駐車と徒歩コース――黄鶴岩道から灯台まで2.2km、1時間
車で移動する場合は、烏耳島海洋団地公営駐車場を利用するとよい。料金は2時間以内の場合、最初の30分まで500ウォン、その後は10分ごとに200ウォンが加算され、2時間を超えると10分ごとに300ウォンとなる。歩くのが好きなら、黄鶴岩道から始まり、生命の木、赤灯台、夕焼けの歌展望台、艦上展望台まで続く約2.2km、1時間のコースが案内されている。
灯台の近くには、新石器時代の遺跡を基に造成された烏耳島先史遺跡公園、退役した警備艦を改造してつくられた文化芸術空間オアシス、貝焼き・チーズ貝焼きで有名な烏耳島港水産市場通りが徒歩圏内に集まっており、合わせて訪れるのに適している。



夕焼けの時間帯に人が集まる理由、いつ行くべきか
烏耳島赤灯台は、夕日の名所として複数の旅行情報サイトで紹介されている。展望台から開けた海の景色とともに美しい夕日や夜景を見られる点が、各旅行情報サイトでこの灯台が夕日の名所として紹介される理由だとされている。
そのため、日没前後には灯台周辺の遊歩道や近隣のカフェ、公営駐車場が一緒に混雑する傾向があると、旅行者の口コミは伝えている。静かに景色を楽しみたいなら日没より早い午後の時間帯に、写真と夕焼けを一緒に楽しみたいなら日没時刻に合わせて訪問計画を立てるとよい。

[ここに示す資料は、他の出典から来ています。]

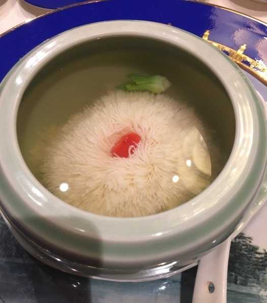 一块嫩豆腐切成绒状,像菊花盛放,顶级的刀工水平,让人大开眼界。高汤鲜美,值得一试。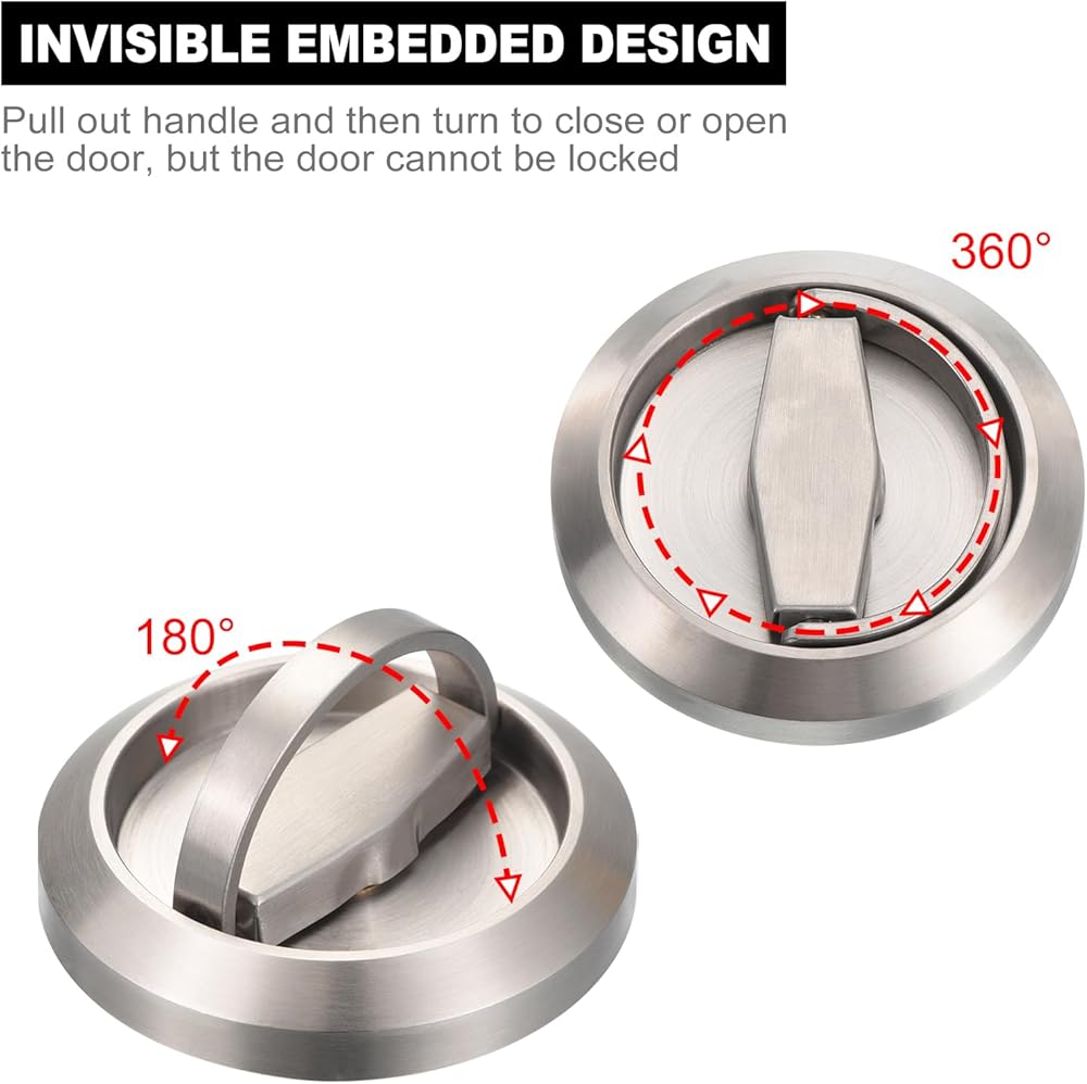 تصميم قفل على الوجهين: يمكن تشغيل المقبض من الداخل والخارج لإغلاق الباب، ولا توجد وظيفة قفل عكسي. يمكن تركيب مزلاج صغير بالداخل إذا تم تركيبه على باب غير مرئي يفتح للخارج. يتمتع كلا الجانبين بتصميم مقبض يمكن أن يصمد، ويمكن إخفاء المقبض القابل للدوران في منتصف مقبض الباب، وهو أمر بسيط وأنيق.

高所恐怖症の人やベビーカー利用者は、事前に知っておきたいこと
灯台1階の展示館と工房、記念品店まではスロープが設置されており、比較的アクセスしやすい。しかし、屋上展望台まで上る区間は幅の狭い螺旋階段しかなく、3~4階分の高さを何度も回りながら上らなければならないため、高所恐怖症の人や膝に不安がある人、ベビーカーや車いすを利用する訪問客にとっては展望台の見学が容易ではない。
一方、1階の展示館と灯台工房、始興夢商会の利用、そして灯台周辺の防潮堤遊歩道を歩くだけでも海の景色を十分に楽しめる。階段の利用が難しい場合は、1階と屋外の遊歩道を中心に予定を組むのも一つの方法だ。
訪問前の確認
- 住所
- 京畿道始興市オイド路170
- 営業時間
- 火~日曜日10:30~17:30(毎週月曜日休館)
- 休業日
- 毎週月曜日
- 料金
- 無料
- 電話
- 031-310-2901~4(始興市庁観光課)
- 公式サイト
- https://www.siheung.go.kr/cultour
- 交通
- 地下鉄4号線・水仁盆唐線の烏耳島駅下車後、バスに乗り換え(30-2番、99-3番、11-C番など)→烏耳島海洋団地停留所下車。烏耳島駅から灯台までの実際の距離は約6kmで、徒歩での移動は事実上不可能。
- 駐車場
- 烏耳島海洋団地公営駐車場を利用可能(有料)。2時間以内は最初の30分500ウォン、その後10分ごとに200ウォン、2時間超過時は10分ごとに300ウォン
- アクセシビリティ
- 灯台の入口までスロープが設置され、障害者用駐車場・障害者用トイレが整備されているが、屋上展望台までは狭い螺旋階段しかないため、車いす・ベビーカーの利用は難しい場合がある。
上記の情報は作成時点のものです。訪問前に公式案内を再度確認してください。